Start of Working data
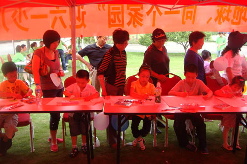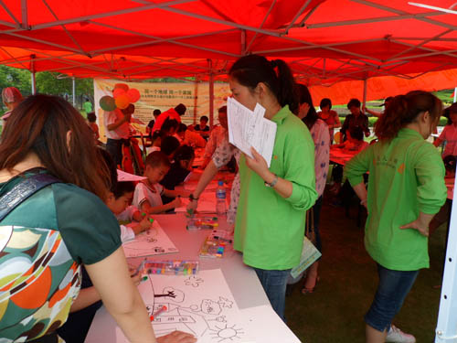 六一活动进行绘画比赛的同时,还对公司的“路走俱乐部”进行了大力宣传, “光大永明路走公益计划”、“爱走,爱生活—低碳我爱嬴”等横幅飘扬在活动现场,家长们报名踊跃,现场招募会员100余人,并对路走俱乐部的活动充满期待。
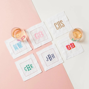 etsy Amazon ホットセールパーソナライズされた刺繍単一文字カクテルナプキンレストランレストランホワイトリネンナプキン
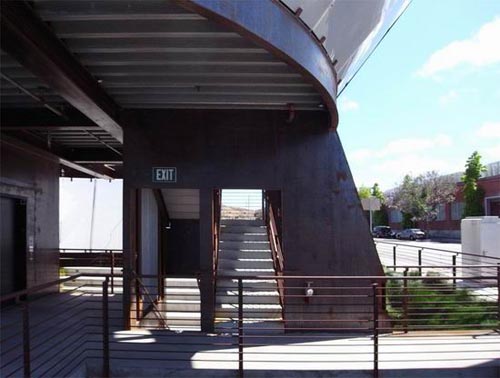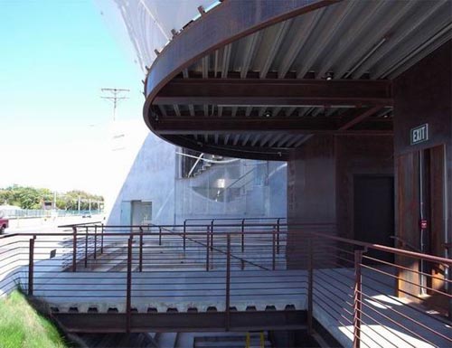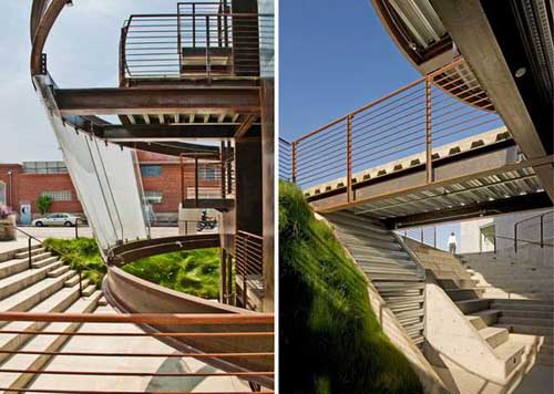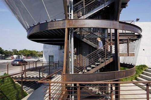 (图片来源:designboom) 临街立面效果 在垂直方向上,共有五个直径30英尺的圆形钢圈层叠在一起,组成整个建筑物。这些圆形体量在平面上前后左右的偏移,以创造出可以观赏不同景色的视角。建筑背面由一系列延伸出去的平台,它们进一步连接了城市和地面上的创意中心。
End of Working data
Start of Working data
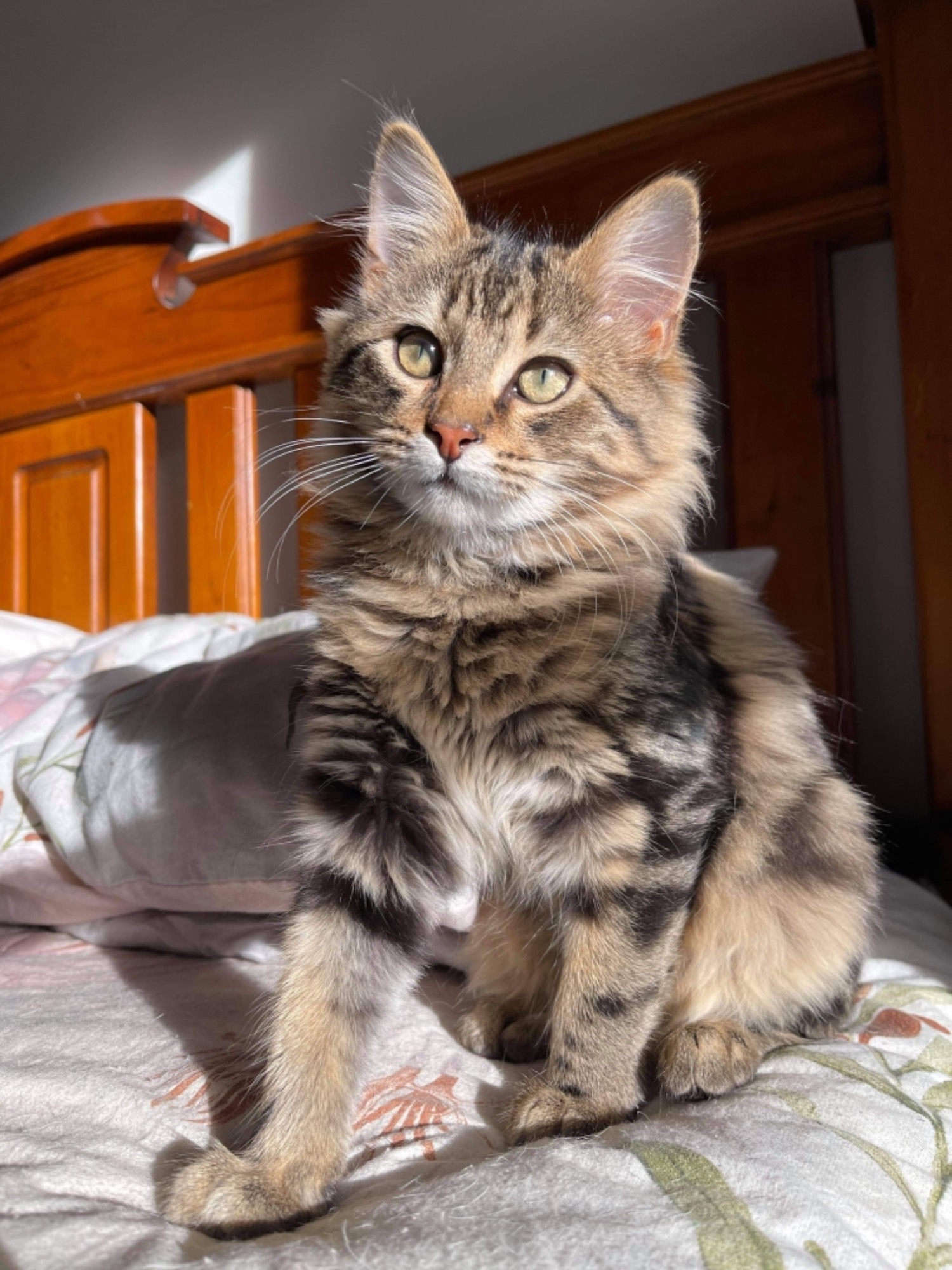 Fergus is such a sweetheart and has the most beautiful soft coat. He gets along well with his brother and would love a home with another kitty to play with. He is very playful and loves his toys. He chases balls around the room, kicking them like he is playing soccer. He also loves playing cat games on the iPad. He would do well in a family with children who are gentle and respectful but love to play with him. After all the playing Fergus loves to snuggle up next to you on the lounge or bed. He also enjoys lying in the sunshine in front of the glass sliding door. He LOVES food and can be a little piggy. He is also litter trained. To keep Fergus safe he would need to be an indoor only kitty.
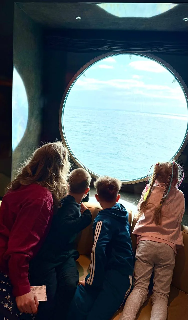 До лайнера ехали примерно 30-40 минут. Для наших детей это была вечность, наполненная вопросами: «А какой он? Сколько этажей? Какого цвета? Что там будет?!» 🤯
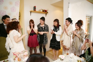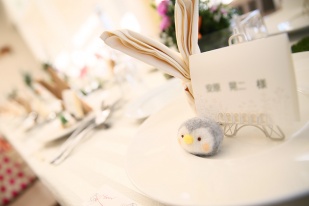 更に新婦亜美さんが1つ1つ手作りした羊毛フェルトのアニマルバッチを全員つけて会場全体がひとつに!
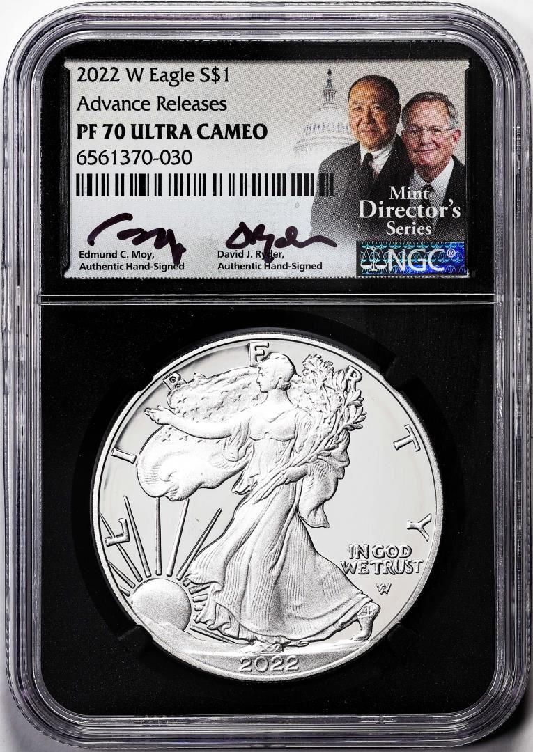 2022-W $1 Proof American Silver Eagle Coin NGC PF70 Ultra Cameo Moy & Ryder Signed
End of Working data
→ Problem: Range to print from the listing above: from the line with "До лайнера ехали" up to and including the line with "2022-W $1 Proof". Please print those lines exactly, with no pictures and nothing more.

→ Task response:
 До лайнера ехали примерно 30-40 минут. Для наших детей это была вечность, наполненная вопросами: «А какой он? Сколько этажей? Какого цвета? Что там будет?!» 🤯
 更に新婦亜美さんが1つ1つ手作りした羊毛フェルトのアニマルバッチを全員つけて会場全体がひとつに!
 2022-W $1 Proof American Silver Eagle Coin NGC PF70 Ultra Cameo Moy & Ryder Signed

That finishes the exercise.